For b) I used spherical coordinates to find the volume of the sphere, then used $V = \pi r^2 h$ which is the volume of the cylinder, then used the volume of sphere minus the volume of cylinder.

Now what I am wondering is... is that the right way to interpret the question? Or does the question mean use cylindrical coordinates ONLY to work out the volume? If so... how do I do that? Cause I thought as long as I used cylindrical coordinates to find the volume that's fine.

Same goes for b)
The thing that you need to be careful about here is that the "cylindrical core" is not really a cylinder, because its top and bottom surfaces are not flat (they form part of the sphere). So its volume is not $\pi r^2h$. Using cylindrical polars, I get the volume of the resultant solid (sphere with "cylinder" removed) to be $4\sqrt3\pi$.

Originally Posted by usagi_killer
3. Evaluate $\int_1^2 \int_{\frac{1}{y}}^{\sqrt{y}} e^{\sqrt{xy}}dxdy$ by making the transformation $x = \frac{u}{v}$ and $y = uv$

I swear you can NOT do this question without a CAS.

After sketching on the u-v plane (with u as the vertical axis) we get the region to be the region between $u = v^3, u = \frac{2}{v}$ and $u = 1$ (I've checked this many times)

Now the Jacobian is $\frac{2u}{v}$ and after making the transformations we can evaluate the integral in the u-v plane with: $\int_1^{2^{\frac{3}{4}}} \int_{u^{\frac{1}{3}}}^{\frac{2}{u}} 2ue^u dvdu$

Now it's impossible to integrate that without a calculator.

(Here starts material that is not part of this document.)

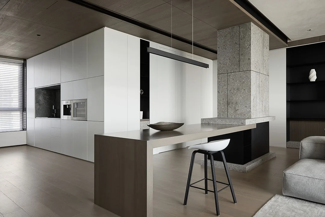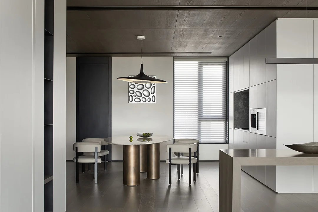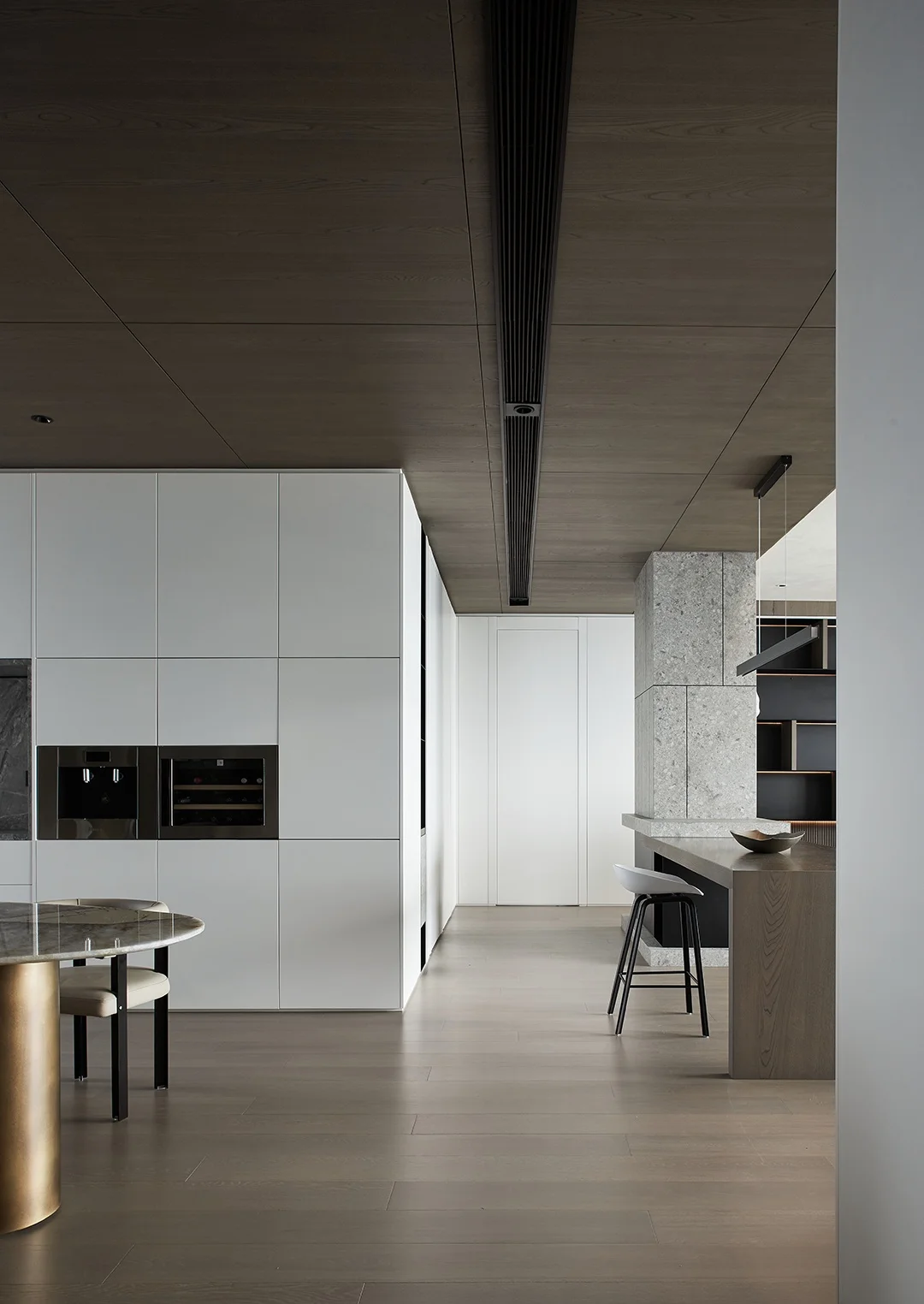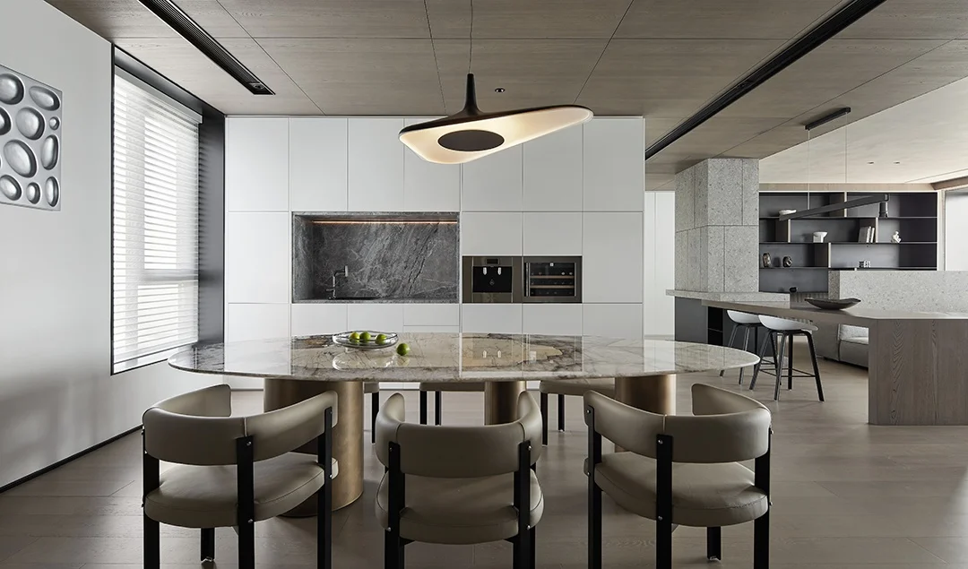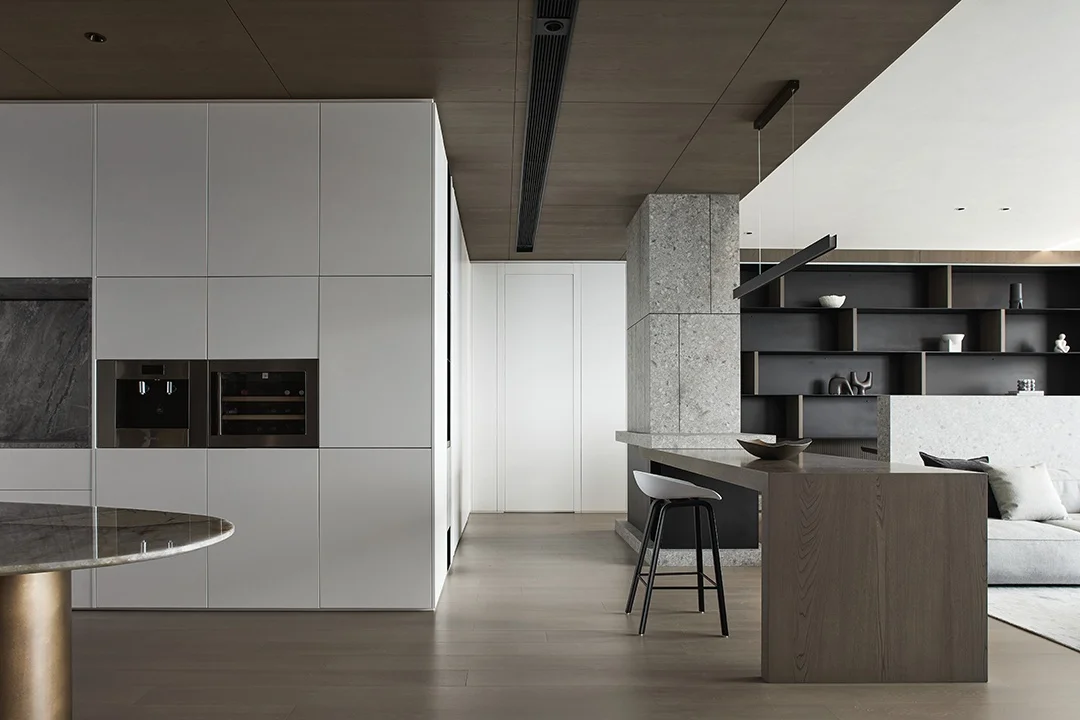 Villa Modern Minimalist Cabinetry White Cabinet with Built-in Oven and Mable Countertop High-end Customization Apartment Kitchen
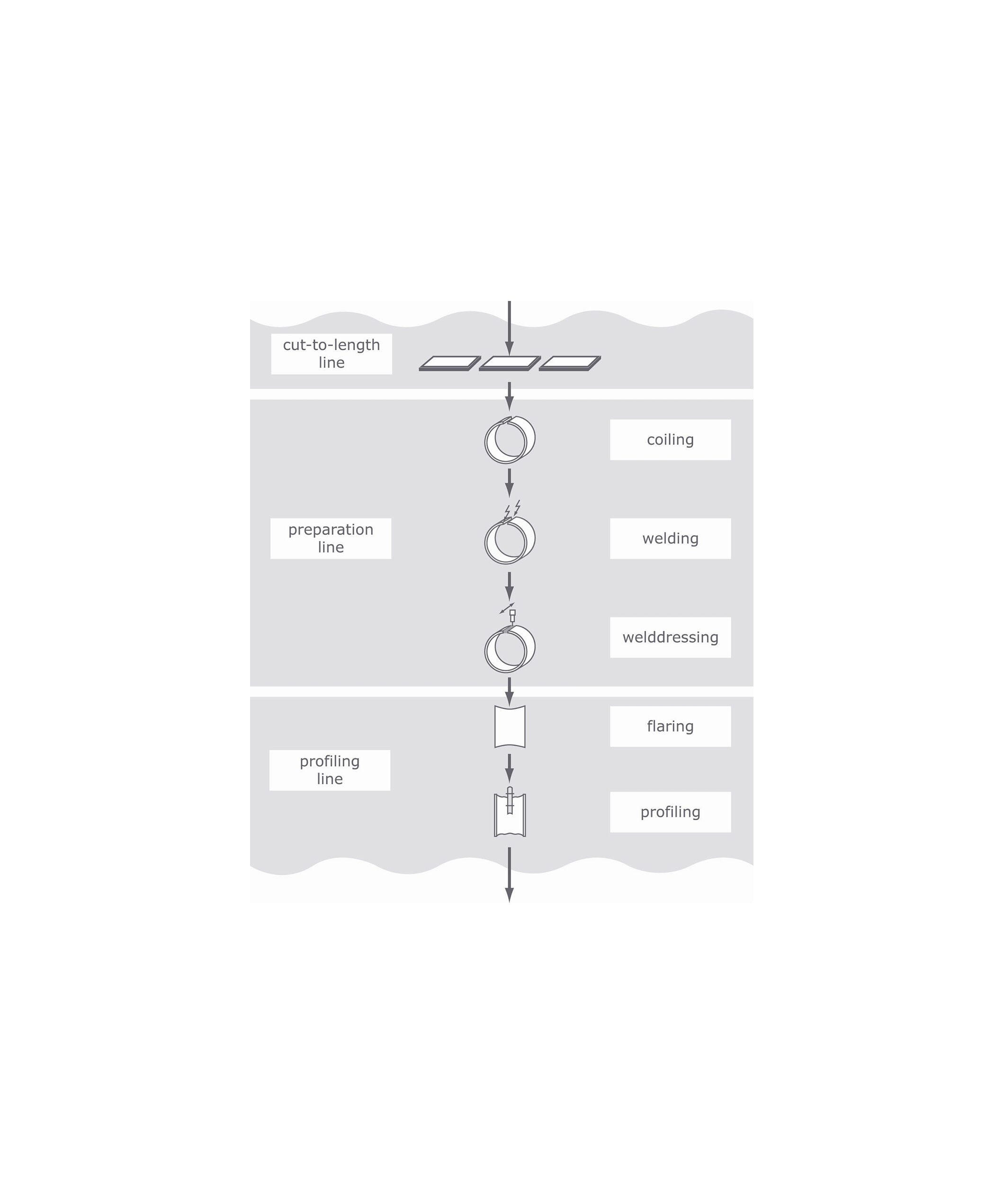 Im Produktionsprozess wird dabei zunächst das auf großen Haspeln angelieferte Stahlrohmaterial abgewickelt und auf Maß geschnitten (Zuschnittprozess). Daraus werden die zylindrischen Hohlformen produziert (Vorbereitungsprozess). In der darauf folgenden Linie werden die Rohlinge auf den benötigten Umfang geweitet und in die endgültige Form gebracht (Profi lierung).

Then we can try reverse the order of the integral so we get a dudv instead of dvdu, it's also unable to be integrated by hand (try it yourself). So is there ANYWAY to do this question by hand?
Shouldn't the integral be $\displaystyle\int_1^{2^{3/4}}\!\!\!\int_{u^{1/3}}^{2/u}\tfrac{2u}ve^u\,dvdu$ (even worse than you thought, with that v in the denominator)? Assuming that you have copied the question correctly, it certainly looks impossible to integrate analytically.